■ **The data**:
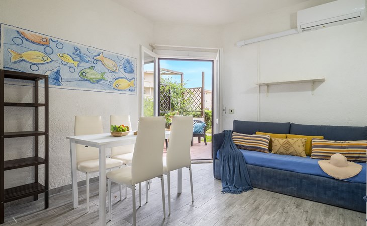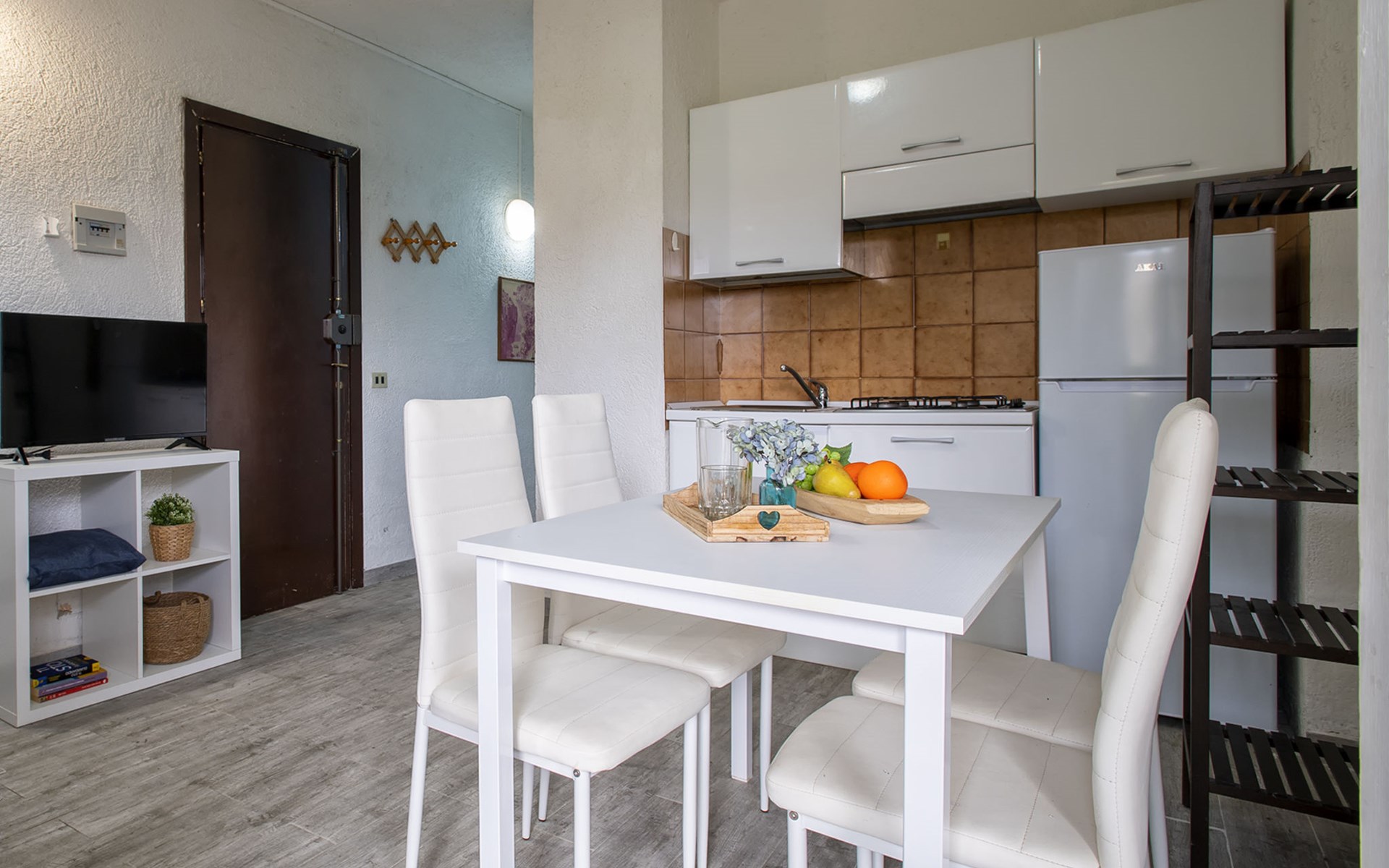 Residence "Terza Spiaggia". 800 m from the centre of Golfo Aranci, in a quiet, sunny position, 150 m from the sea, 150 m from the beach. For shared use: garden with lawn and plants, swimming pool (18 x 9 m, seasonal availability: 15.Jun. - 15.Sep.). Parking on the premises. Supermarket, restaurant, bar 800 m, bus stop 10 km, sandy beach "Terza Spiaggia" 150 m. Nearby attractions: Porto Rotondo 12 km, Olbia 15 km, San Pantaleo 22 km. Please note: car recommended, no lift.
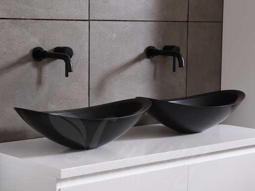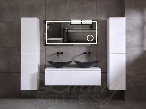 Dimensions du meuble : choix : 2 tailles : LXDXH 150x50x35cm ou 180x50x35cm (largeur choisie, merci de le transmettre le jour du ramassage - meuble mural 35x35x160cm (1 inclus), couleur blanche mate, contreplaqué en matériau 5 couches avec dessus en chêne de 3cm (très résistant et résistant à l’humidité), placard mural, portes à fermeture douce et étagères supplémentaires (meuble mural peut être suspendu à gauche comme à droite du meuble), Exclusivité des robinets, tiroirs 2 pièces avec fermeture douce, Sinks surface solide, pierre naturelle ou marbre italien (choix de différents modèles sur les 3 dernières photos, veuillez envoyer votre choix par email sur info@mawialux.nl), miroir avec chauffage/horloge/température et loupe avec éclairage LED avec 3 couleurs réglables LED 3000/4500/6000K (lumière jaune/bleue/blanche) avec les options suivantes : affichage numérique, miroir loupe intégré de 10 cm de diamètre avec éclairage LED (agrandi 3x), Horloge numérique, indicateur de température numérique, prise 220 volts (plug and play), chauffage pour éviter la condensation, 1,5 mm sans cuivre avec couche anti-explosion avec la même fonction que le verre trempé, exclusivité pour les drains, État : neuf dans la boîte, Avantages spéciaux garantie 2 ans, les trous ne sont pas pré-percés sur le dessus donc vous pouvez utiliser à la fois des robinets muraux et des robinets du dessus ou même un seul évier au lieu de deux pièces (percer des trous par un installateur est facile à faire soi-même), Avec un matériel d’installation de très haute qualité, à noter ! L’armoire murale peut être échangée contre un jeu de robinets et de drains à pop-up de votre choix ou, si vous avez besoin d’une meuble murale supplémentaire, veuillez indiquer le jour de la collecte une offre appropriée
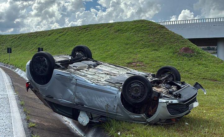 Um carro capotou na tarde deste sábado (04) na Rodovia SP-280 (Castello Branco), no trecho que passa pelo município de Pardinho.
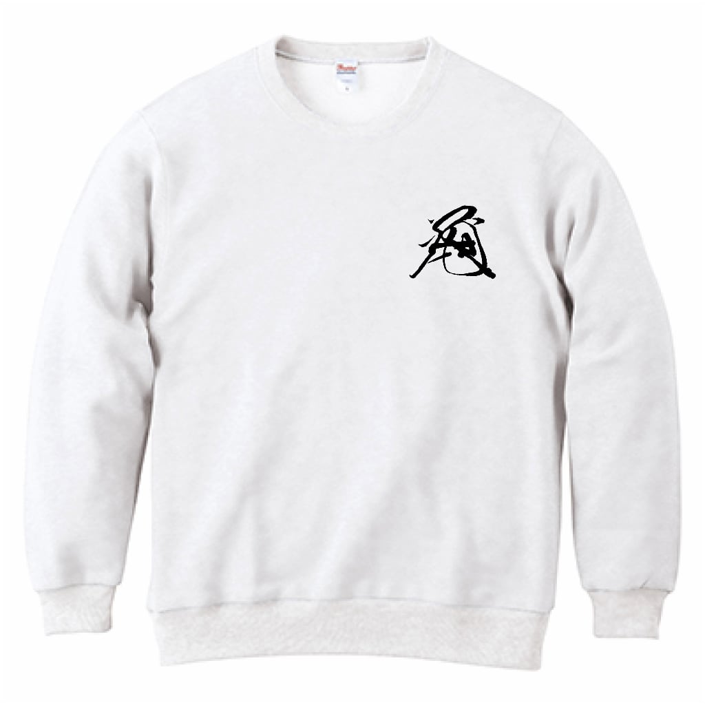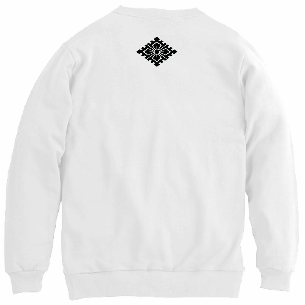 このトレーナーでは、晴賢の花押を左胸に、家紋を背面にあしらい、歴史を“着る”仕様にしました。

■ **Task prompt**:
Return the whole of the material above exactly, with no picture carried over.

■ **Answer space**:
 Residence "Terza Spiaggia". 800 m from the centre of Golfo Aranci, in a quiet, sunny position, 150 m from the sea, 150 m from the beach. For shared use: garden with lawn and plants, swimming pool (18 x 9 m, seasonal availability: 15.Jun. - 15.Sep.). Parking on the premises. Supermarket, restaurant, bar 800 m, bus stop 10 km, sandy beach "Terza Spiaggia" 150 m. Nearby attractions: Porto Rotondo 12 km, Olbia 15 km, San Pantaleo 22 km. Please note: car recommended, no lift.
 Dimensions du meuble : choix : 2 tailles : LXDXH 150x50x35cm ou 180x50x35cm (largeur choisie, merci de le transmettre le jour du ramassage - meuble mural 35x35x160cm (1 inclus), couleur blanche mate, contreplaqué en matériau 5 couches avec dessus en chêne de 3cm (très résistant et résistant à l’humidité), placard mural, portes à fermeture douce et étagères supplémentaires (meuble mural peut être suspendu à gauche comme à droite du meuble), Exclusivité des robinets, tiroirs 2 pièces avec fermeture douce, Sinks surface solide, pierre naturelle ou marbre italien (choix de différents modèles sur les 3 dernières photos, veuillez envoyer votre choix par email sur info@mawialux.nl), miroir avec chauffage/horloge/température et loupe avec éclairage LED avec 3 couleurs réglables LED 3000/4500/6000K (lumière jaune/bleue/blanche) avec les options suivantes : affichage numérique, miroir loupe intégré de 10 cm de diamètre avec éclairage LED (agrandi 3x), Horloge numérique, indicateur de température numérique, prise 220 volts (plug and play), chauffage pour éviter la condensation, 1,5 mm sans cuivre avec couche anti-explosion avec la même fonction que le verre trempé, exclusivité pour les drains, État : neuf dans la boîte, Avantages spéciaux garantie 2 ans, les trous ne sont pas pré-percés sur le dessus donc vous pouvez utiliser à la fois des robinets muraux et des robinets du dessus ou même un seul évier au lieu de deux pièces (percer des trous par un installateur est facile à faire soi-même), Avec un matériel d’installation de très haute qualité, à noter ! L’armoire murale peut être échangée contre un jeu de robinets et de drains à pop-up de votre choix ou, si vous avez besoin d’une meuble murale supplémentaire, veuillez indiquer le jour de la collecte une offre appropriée
 Um carro capotou na tarde deste sábado (04) na Rodovia SP-280 (Castello Branco), no trecho que passa pelo município de Pardinho.
 このトレーナーでは、晴賢の花押を左胸に、家紋を背面にあしらい、歴史を“着る”仕様にしました。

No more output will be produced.